Structures inside living cells are often built from numerous copies of one protein. Like a brick wall made from many individual bricks, an oligomer can have size and strength unattainable by individual proteins. For example, during bacterial growth and division, a cell is pinched into two daughter cells by the action of a protein called FtsZ, many copies of which assemble into a ring that can constrict. In another example, when cells are stressed they respond by halting cellular activity. To do this they create a "mesh" of protein from many copies of TIA-1, which stalls protein synthesis by trapping mRNA in the "mesh". Oligomeric structures can be exquisitely sensitive to events in the cell, much more than an individual protein could be, as illustrated by the classic example of oligomeric hemoglobin which is much more sensitive to oxygen than a single hemoglobin protein. Although oligomeric structures are crucially important, little is known about how the protein molecules pack together to form the larger structures. It is expected that knowledge of the oligomeric structures gained through this project will enhance our understanding of the biological role of these proteins in the cell. This project will have broad impact through mentorship, teaching and outreach. The investigator has a strong record of mentoring women in science and these efforts will continue. Research activities will be showcased through outreach activities for middle and high school students.
Although our knowledge of protein structure has advanced considerably over the past 50 years, oligomeric proteins specifically have lagged behind, because they are difficult to study using traditional structural methods. This project pursues oligomeric structures through technical developments in solid state NMR, a promising new method that is well suited for determining structures of oligomeric proteins. In these studies, the signal strength is enhanced through the use of low temperatures and by transfer of signal from electron spin to nuclear spin, in a method called Dynamic Nuclear Polarization.
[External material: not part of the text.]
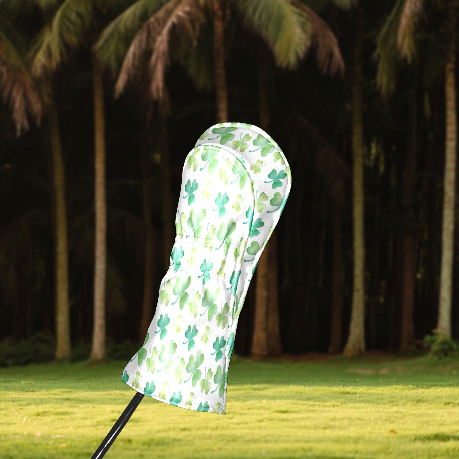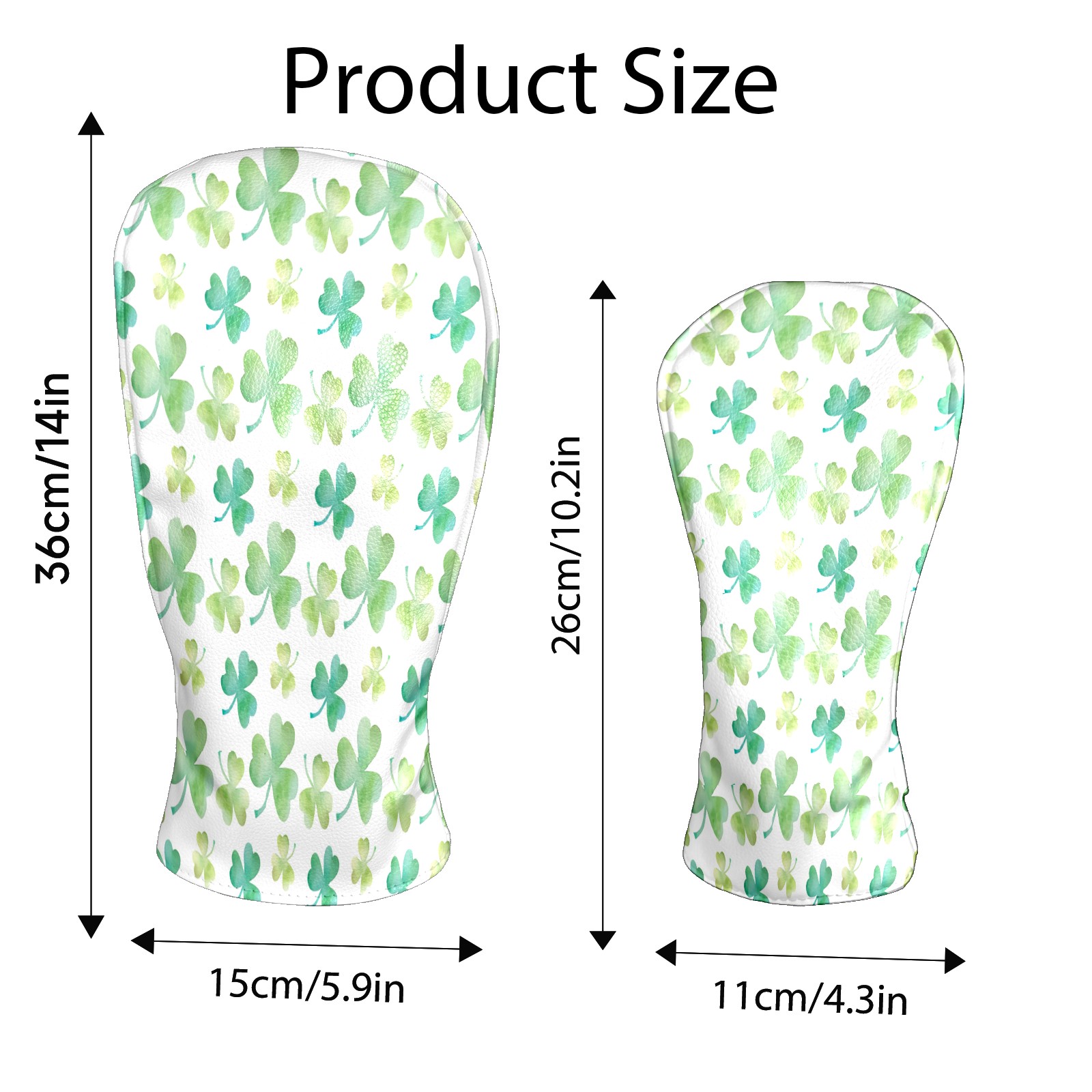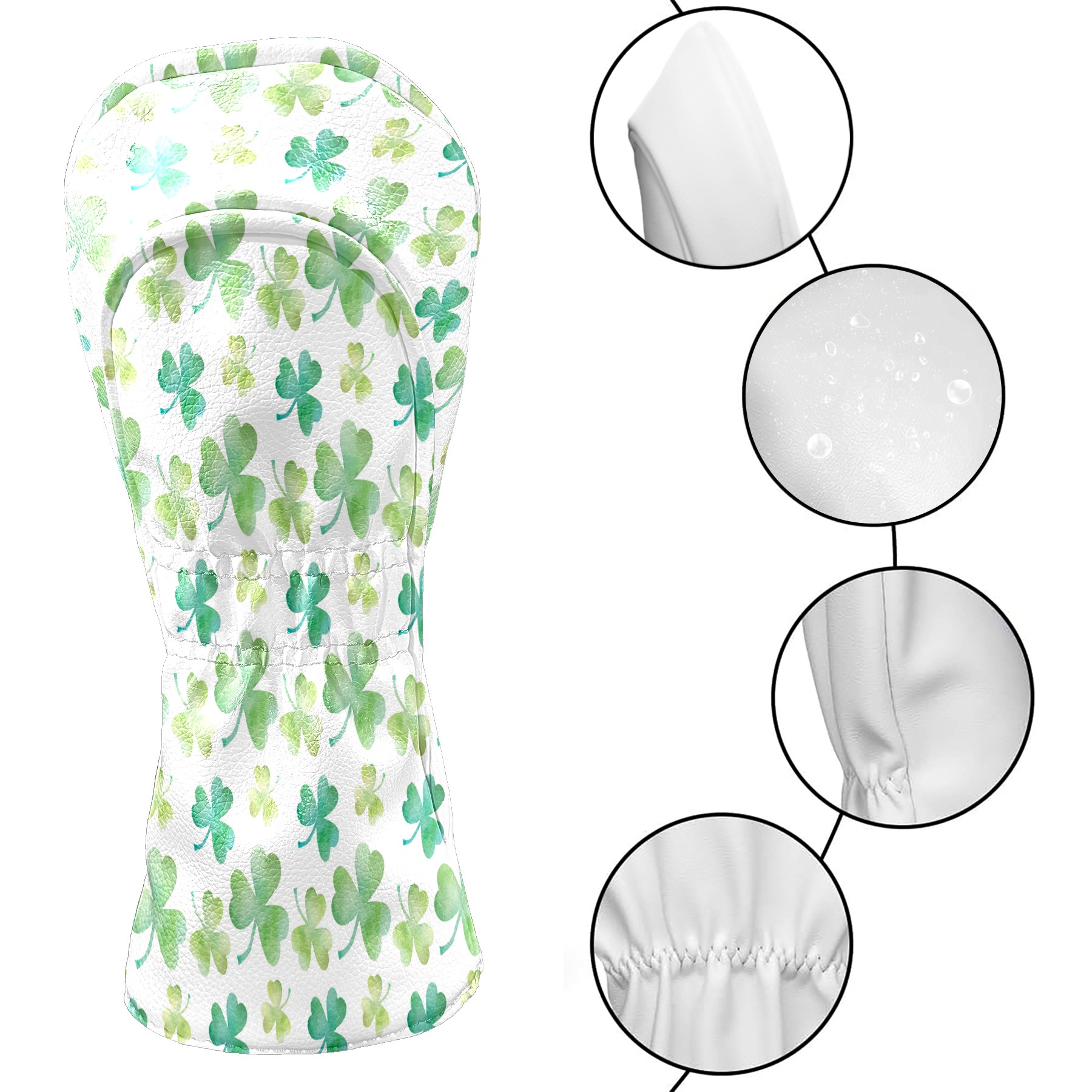 Golf Head Covers Driver Club Head Cover for Drivers Fairway Woods and Hybrid Clubs, PU Leather Golf Club Head Covers for Men and Women Green Clover Watercolor

Optimization of sample freezing protocols, and multidimensional detection schemes pursued in this project are expected to improve the low temperature linewidths and enable the process of determining structures. Although most studies will be carried out with in vitro samples, additional methods are developed for elucidating structures within living cells. The strategy for detection within the cell is to selectively enhance signals for the oligomeric protein of interest using a combination of selective isotopic enrichment and selective transfer of polarization from radicals tagged onto the protein of interest.
This award reflects NSF's statutory mission and has been deemed worthy of support through evaluation using the Foundation's intellectual merit and broader impacts review criteria.